Rapid assessments in three residential areas of Hanoi, Haiphong and Ho Chi Minh city in
May, 2011 were implemented to discover response measures and the influence of price
increases on urban groups, including the poor (people who receive social protection),
migrants, local self-employed labourers, pensioners, civil servants and medium-income
The average retail price of most essential commodities and services in surveyed sites
increased in the first four months of 2011, especially after the beginning of Lunar New
Year (February). Commodities with significant price increases included foods and
foodstuffs; electricity, petrol, gas, and rental apartments. However, the price of several
commodities in the first two weeks of May, 2011 leveled off, and in some cases even
slightly decreased (for some types of meat and vegetables) compared to those in April,
2011. The minimum wage was adjusted upwards in May but the price of most essential
foods and foodstuffs did not increase, which could be explained by sharp price increases
in previous months. High prices led to demand contraction, so shops tended to remain
and decrease their price.
In general, social groups surveyed expressed the most concern about price increases of
food and foodstuffs (meat, fish, rice, and other foodstuffs) and fuels (electricity, petrol,
gas). Poor, low and fixed income groups (poor households, workers, and pensioners)

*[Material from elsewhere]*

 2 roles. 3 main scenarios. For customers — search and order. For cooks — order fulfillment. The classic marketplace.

paid more attention to price increases of food and foodstuffs for minimum needs (meat,
fish, rice, vegetable, other foods). The poor and old people covered by social protection
policies were also concerned about the expense of medicine and health services. Medium
and moderately good income groups or rising income group (in relation with price
increases) -self-employed and civil servants- cared especially about the price increases of
gasoline, electricity and gas. Rising accommodation costs are migrant-specific concern.

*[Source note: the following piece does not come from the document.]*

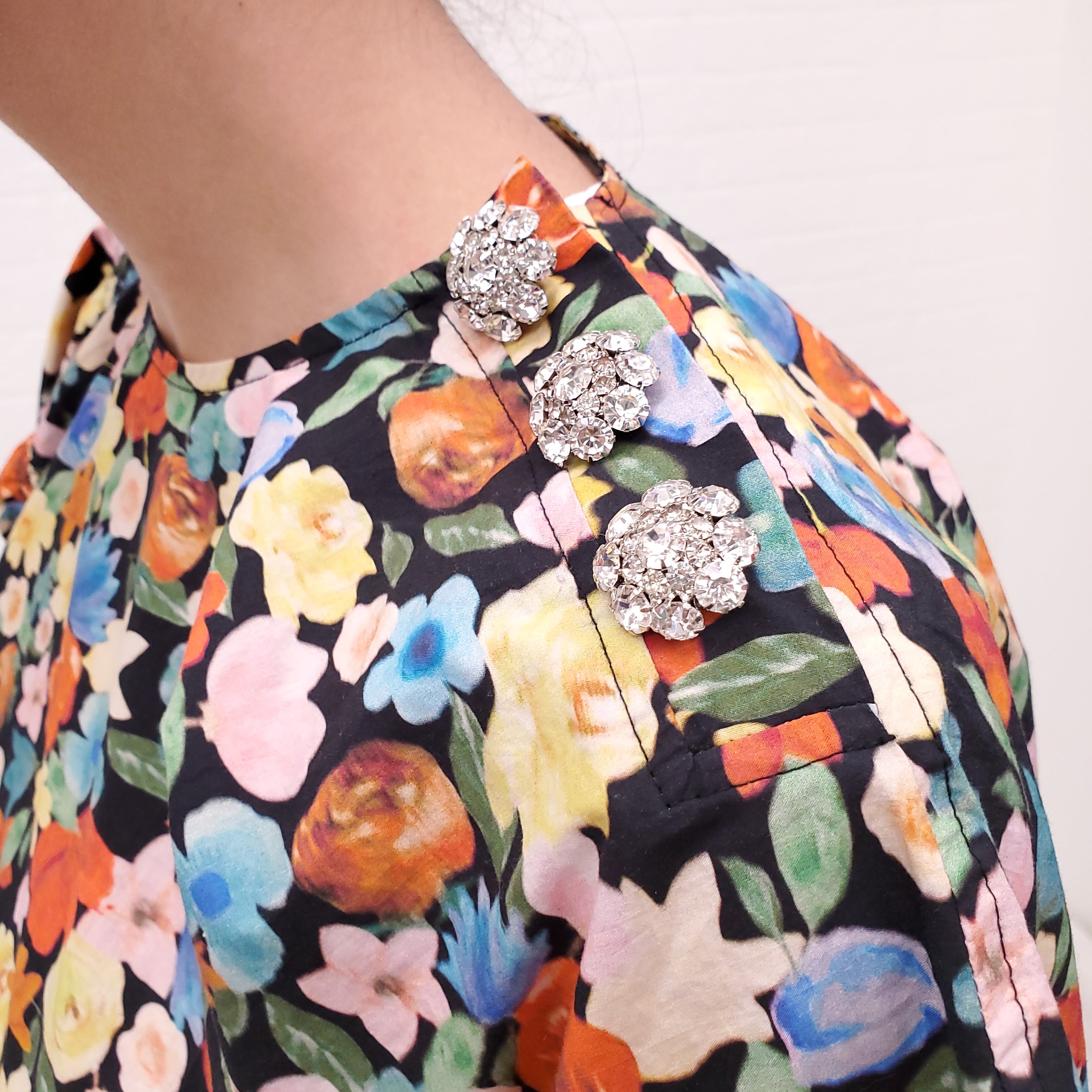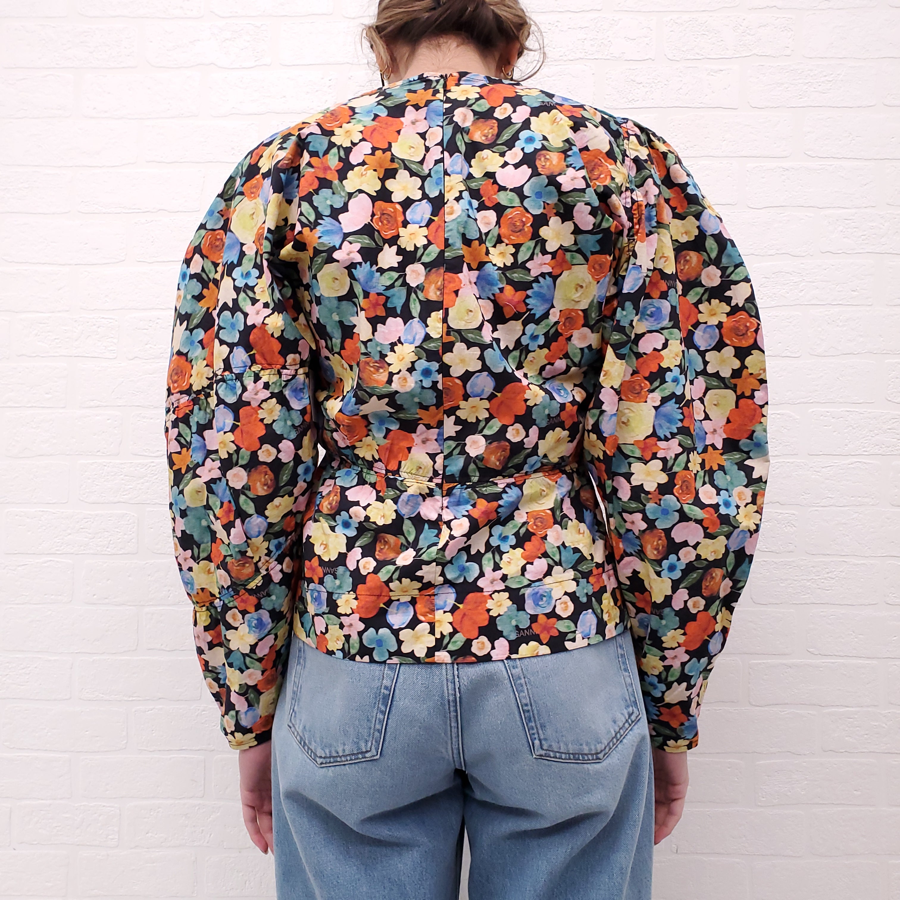GANNI FLORAL PRINTED POPLIN BLOUSE WITH CRYSTAL BUTTON - SIZE 36

Common coping strategies applied by social groups to cope with price increases include
decreasing electricity use, decreasing personal consumption, rationing, buying cheaper
foods, decreasing gas consumption, and decreasing monthly savings among others. Of
these, “decreasing electricity use” and “decreasing personal expenditure” were the two
top priorities applied. Many households also chose to cook at home and eat out less to
reduce their expenses.
Price increases from early 2011 have decreased purchasing power, quality of life and
exacerbated inherent difficulties of poor, low and fixed income groups. Among social
groups surveyed in urban areas, the poor, people receiving social security and migrant
workers suffered the most.
For the poor, price increases had a negative influence on their nutrition and health and
their access to basic services (education, health care). Migrants reported that price hikes
made their lives more difficult due to higher costs. Price increases were also reported to
have made labour relations tenser and negatively impact on the occupation stability of
migrant workers. Price increases also exacerbated the lack of social capital situation of
both local poor people and migrants.
Extremely effects such as “stopping children from schooling”, “selling properties” or
“increasing borrowings for daily expenditure,” did not appear in all surveyed groups.
Credit activities for the poor in localities have not been badly affected. The affect (of price
increases) on gender relations, could only be seen through a re-allocation of work in the
family (women had to take bigger responsibility for family meals, some women in poor
households had to find extra work to supplement their incomes). Changes in job
structures due to price increases are not yet apparent in the same way as are the effects of
the Global Financial Crisis in 2009. The main concern of interviewees was how to get a job
with a higher income so as to mitigate against the rise in prices.